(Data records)
□ □ □

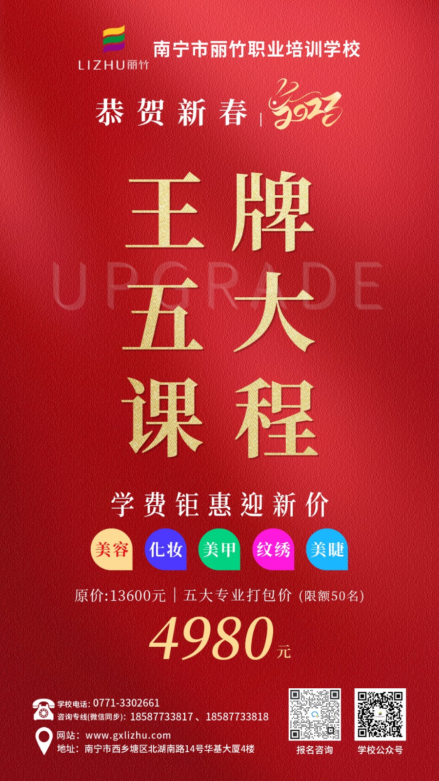 南寧美容美發(fā)師學(xué)校、南寧培訓(xùn)化妝美甲分享:2月1日,麗竹學(xué)校正式開學(xué)啦!所以,如果你想在南寧學(xué)美容美發(fā)化妝美甲,或是或是想知道南寧學(xué)美容美發(fā)多少錢?南寧學(xué)化妝美甲哪里學(xué)費便宜?麗竹職業(yè)培訓(xùn)學(xué)校,大品牌,有口碑,值得信賴!
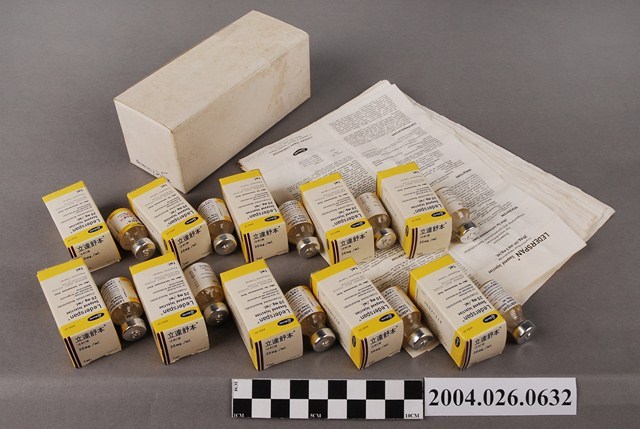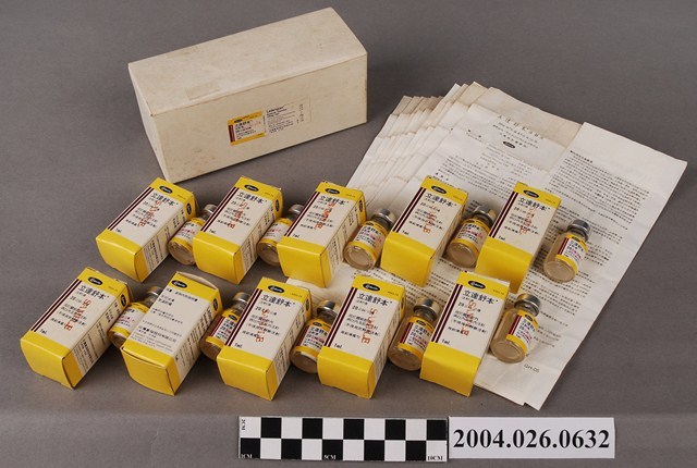 1. 本物件為臺灣氰胺股份有限公司出品立達舒本注射液。共有2種物品,分別為包裝外盒和注射液。
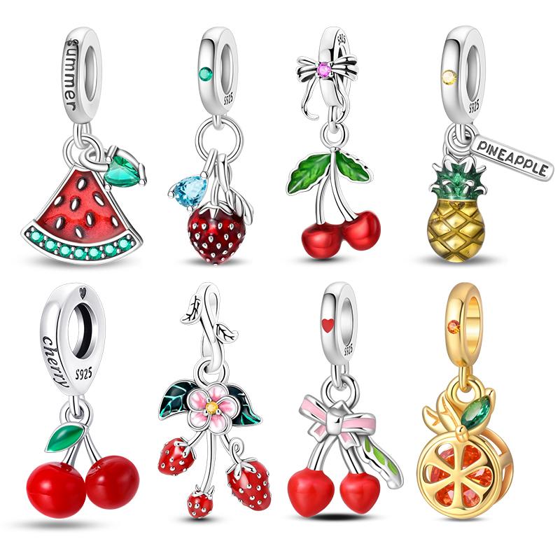 100%Stering Copper Fruit Series Charms Beads Strawberry Cherry Orange Pendant Fit Original Bracelet Diy For Women Jewelry
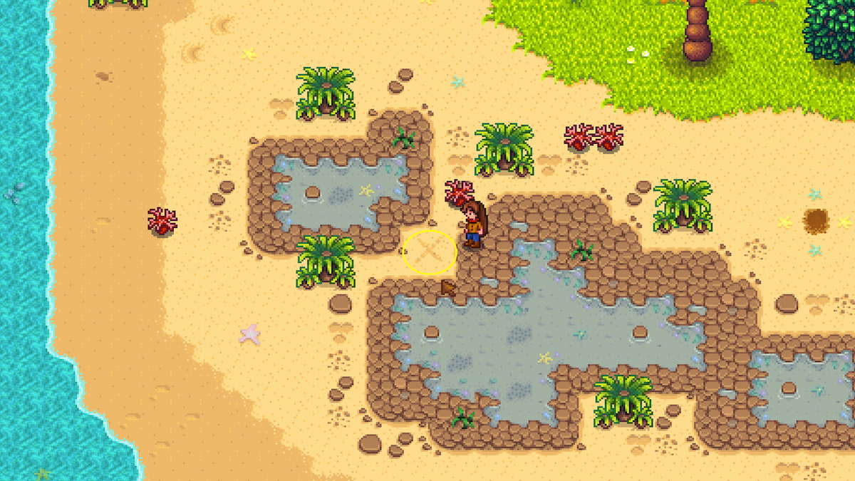- In the ground at the x marks the spot, at the tidepools x1 – Use your hoe to dig up the ground right on top of the ‘x.’
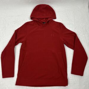 Under Armour Hoodie Mens Small Red ColdGear Fleece Pullover Kangaroo Pocket
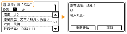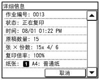 显示所选项目的当前状态。下面以 <复印作业状态> 画面为例进行说明。
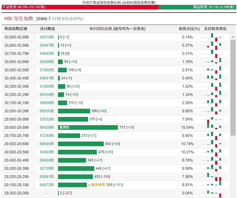 法兴恒指牛熊证街货分布图中的数据显示,熊证街货重货区在29800-29899区间,该区间最新熊证数量为737张,较上一交易日增加59张;最多新增在29100-29199区间,该区间最新熊证数量为355张,较上一交易日增加151张。
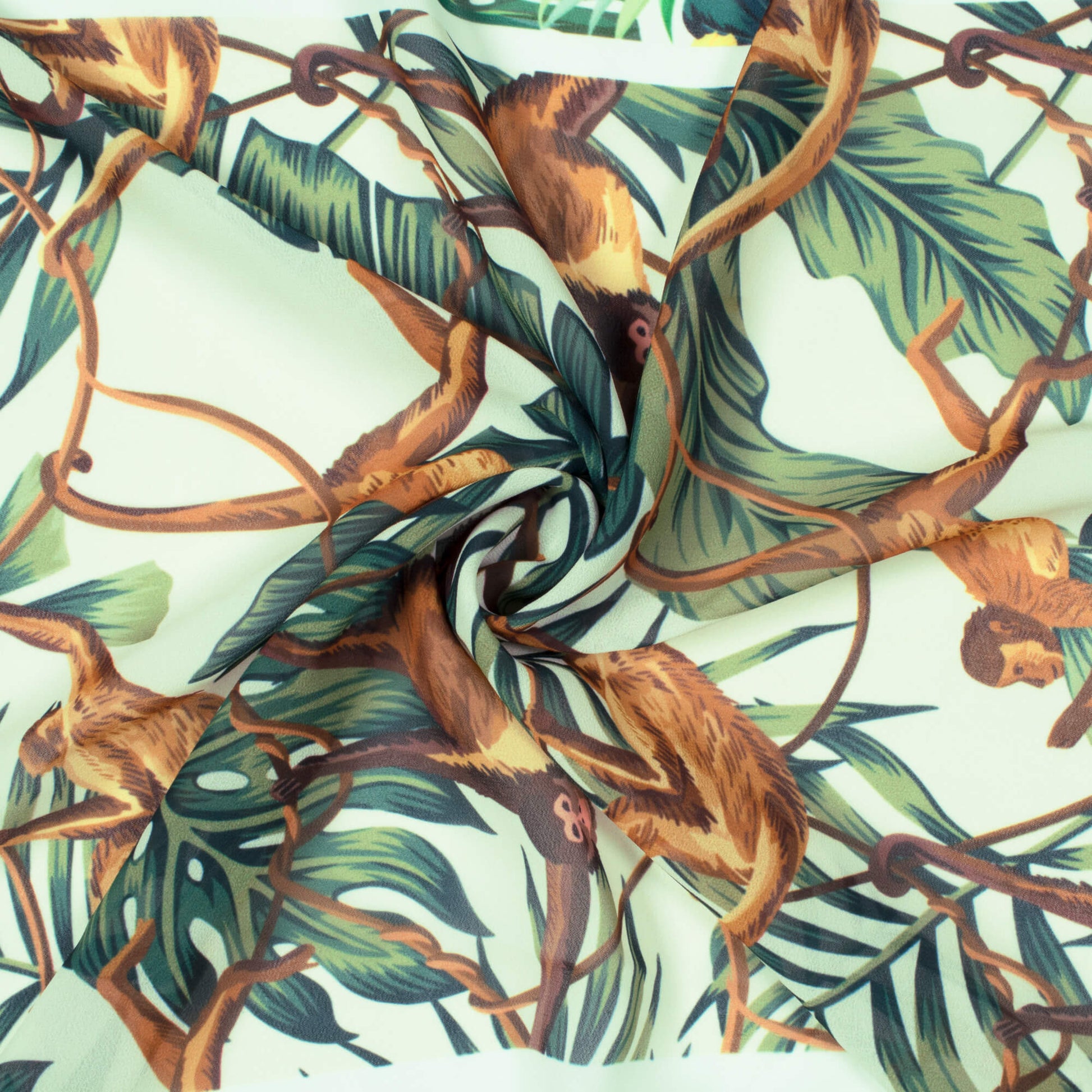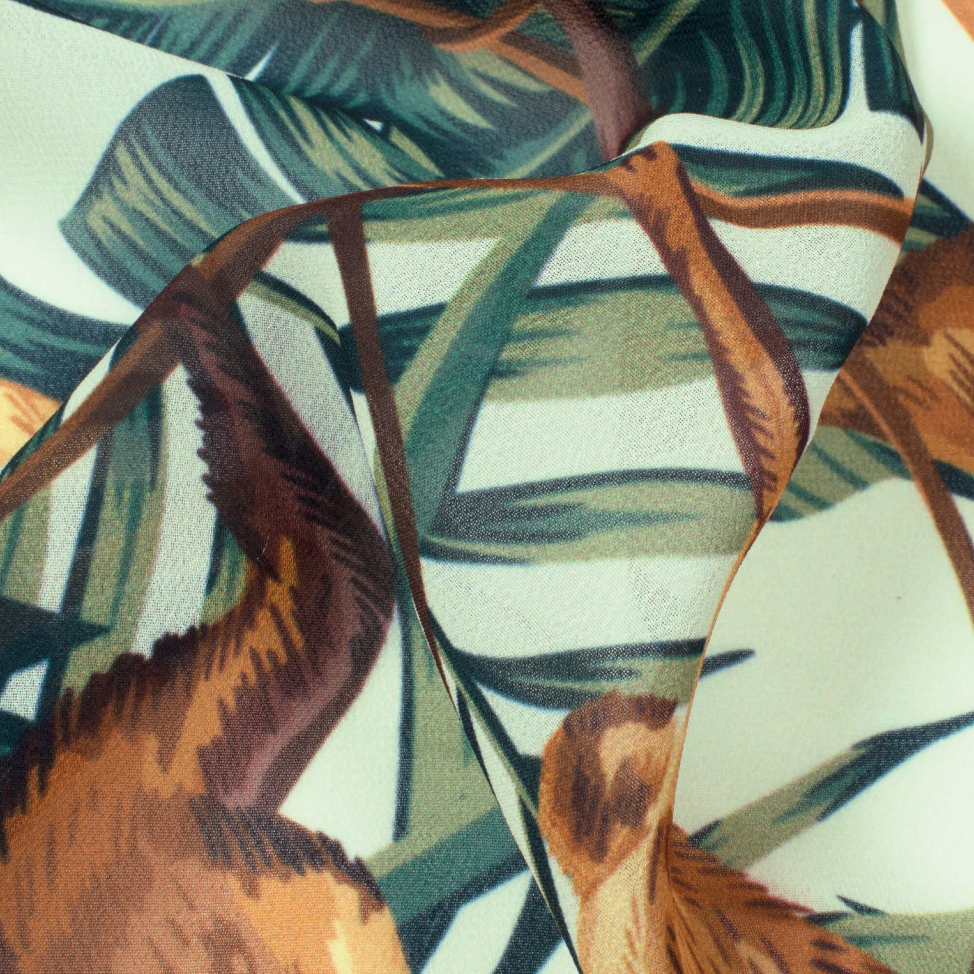Cream And Brown Tropical Pattern Digital Print Georgette Fabric

□ □ □

» What is needed: Make an exact copy of the records from their first line through the line containing "Under Armour Hoodie", both ends included, with the pictures omitted.

» Answer to the exercise:
 南寧美容美發(fā)師學(xué)校、南寧培訓(xùn)化妝美甲分享:2月1日,麗竹學(xué)校正式開學(xué)啦!所以,如果你想在南寧學(xué)美容美發(fā)化妝美甲,或是或是想知道南寧學(xué)美容美發(fā)多少錢?南寧學(xué)化妝美甲哪里學(xué)費便宜?麗竹職業(yè)培訓(xùn)學(xué)校,大品牌,有口碑,值得信賴!
 1. 本物件為臺灣氰胺股份有限公司出品立達舒本注射液。共有2種物品,分別為包裝外盒和注射液。
 100%Stering Copper Fruit Series Charms Beads Strawberry Cherry Orange Pendant Fit Original Bracelet Diy For Women Jewelry
- In the ground at the x marks the spot, at the tidepools x1 – Use your hoe to dig up the ground right on top of the ‘x.’
 Under Armour Hoodie Mens Small Red ColdGear Fleece Pullover Kangaroo Pocket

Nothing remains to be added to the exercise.